Vardı, evet. En yakın arkadaşlarımdan birinin sesi. Biraz da benim çocukluk sesim. Hatta ikimizin de ilkokuldaki en yakın arkadaşının ismi Uğur olduğu için kitaptaki çocuğun en yakın arkadaşının ismi konusunda tereddüt etmedim. Zati yakından tanıdığım, birçok hissini ve fikrini bildiğim birinin bilmediğim çocukluğuna gittim bir nevi. Olup bitenler tamamen kurmaca alışılmış. Sadece ses tanıdık. O sesi alıp hayali bir ortamda, çok istediğini sandığı ama aslında hiç istemeyeceği bir durumun içine attım. Tuhaf bir şekilde kitap tam da bu arkadaşımın doğum gününde çıktı. Planlanmış bir şey değildi. Hayatın insanı hafifleten tesadüflerinden biri. Bu kitabı yazmaktaki ilk motivasyonum da onu ağlatmaktı aslında. Uzun vakittir ağlayamadığını ve ağlamak istediğini söylemişti. Ben de onu ağlatacak bir hikaye buldum.
‘BAŞIMIZA GELEN FELAKETLERİN NEREDE BAŞLADIĞININ İZİNİ SÜRÜYORUM’
Kitabın başrolünde küçük bir çocuk olsa da aslında bir aile eleştirisi de var. Daha evvelki kitabınızın adı da ‘Aile Geleneği’. Aileyi masaya yatırmayı çok mu seviyorsunuz?

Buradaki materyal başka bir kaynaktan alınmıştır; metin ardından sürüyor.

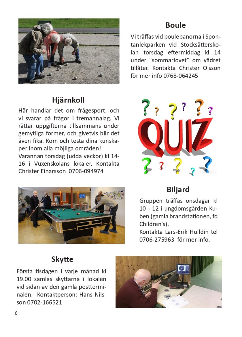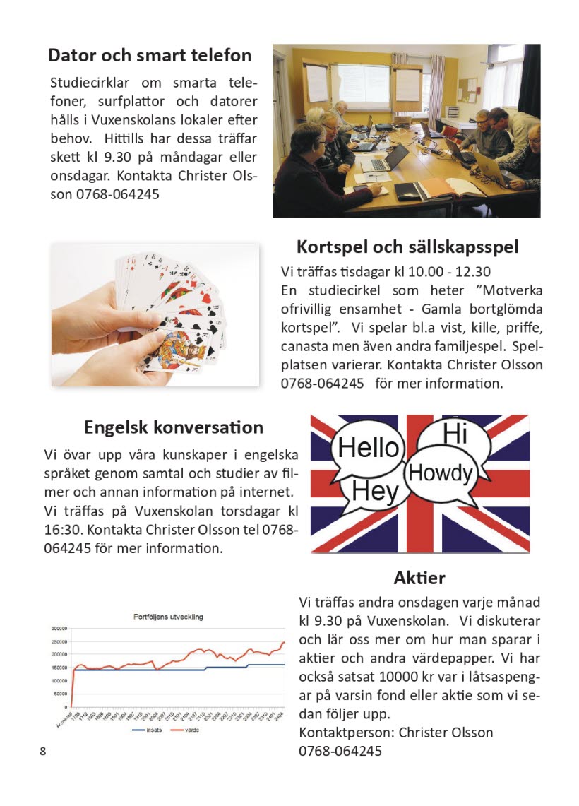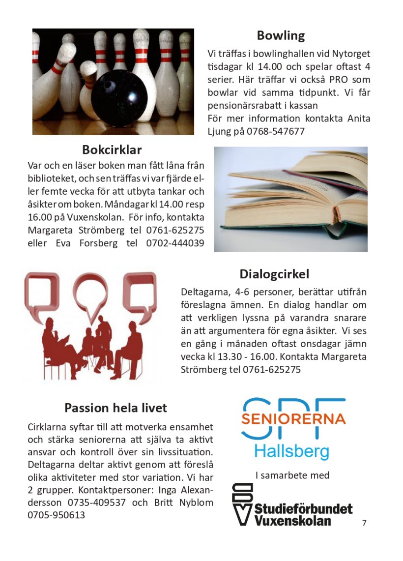 Du kan läsa om våra friskvårdsaktiviteter och studiecirklar i menyn till vänster om du använder dator.
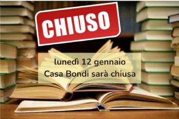 Si avvisa che la Biblioteca Casa Bondi resterà chiusa al pubblico per l'intera giornata di oggi lunedì 12 gennaio 2026.
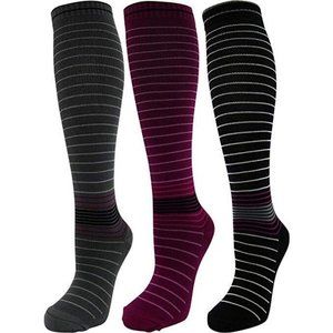 COMFORTABLE GRADUATED COMPRESSION SOCKS - Swell Relief Premium Quality 3 Pack Moderate/Medium Graduated Compression 15-20 mmHg for Men and Women. Enhanced Performance Design for Support, and Comfort. Fits men's shoe size 4-7.5 and Women's shoe size 5-8.5. Multi Color 3 Pair Set.
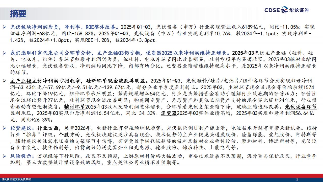 我们选取41家代表公司分环节分析,主产业链Q3仍亏损,逆变器2025以来净利润维持正增长。2025年Q3光伏主产业链(硅料、硅片、电池片、组件)各环节归母净利涧仍为负,但硅料、电池片环节同比改善明显,硅料亏损年内显著收窄。2025年Q3辅材业绩同比小幅增长,光伏设备营收、净利润均同比下降,内部有所分化。逆变器业绩增速维持较高水平,是2025年以来净利润维持正增长的环节。
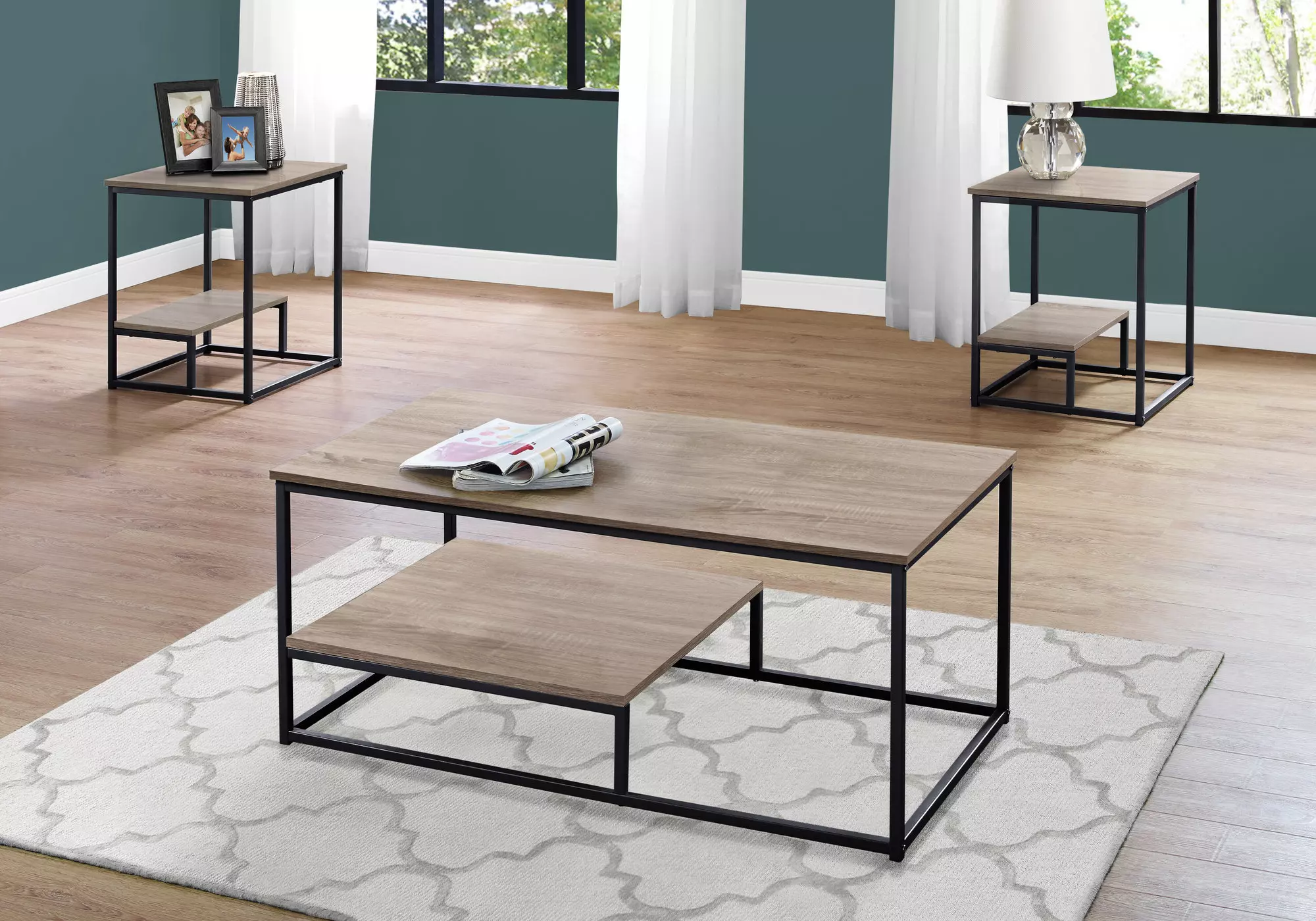 table set - 3pcs set - dark taupe - black metal by monarch specialties
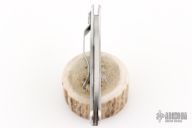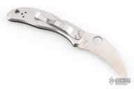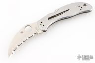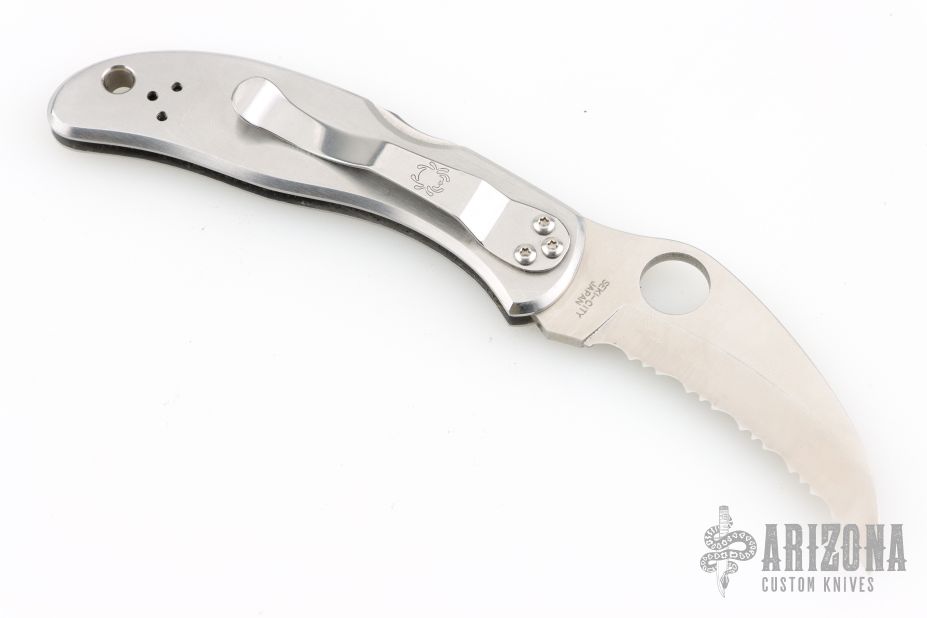 This Harpy by Spyderco features a hawkbill fully serrated blade with thumbhole. The handle has a stainless steel frame with tip down stainless clip. Lanyard hole. Has some scratches, great overall condition.
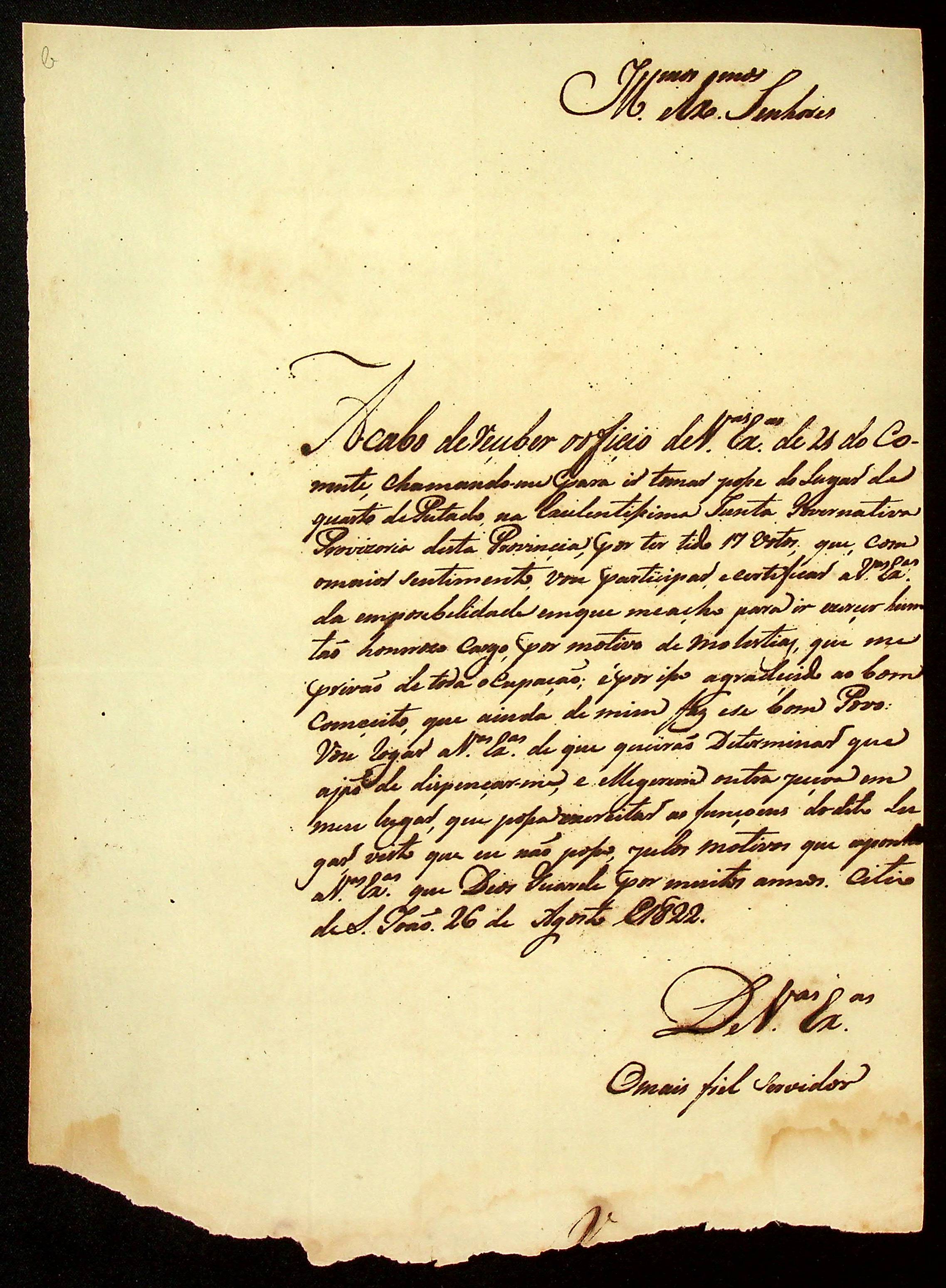 CARTA de [V..?] ao [Junta Governativa Provisória da Província].

Başımıza gelen felaketlerin nerede, nasıl başladığının izini sürüyorum diyelim. Çocukluk her şeyin özeti.
Yazmaya başlamadan önce karakterlerinizi tanıyor musunuz yoksa yazarken, yolda mı tanışıyorsunuz? Karakterleriniz sizi şaşırtmayı başarıyor mu? Ya da şöyle sorayım: ‘Keşke Leyla’daki çocuk sizi şaşırtmayı başardı mı?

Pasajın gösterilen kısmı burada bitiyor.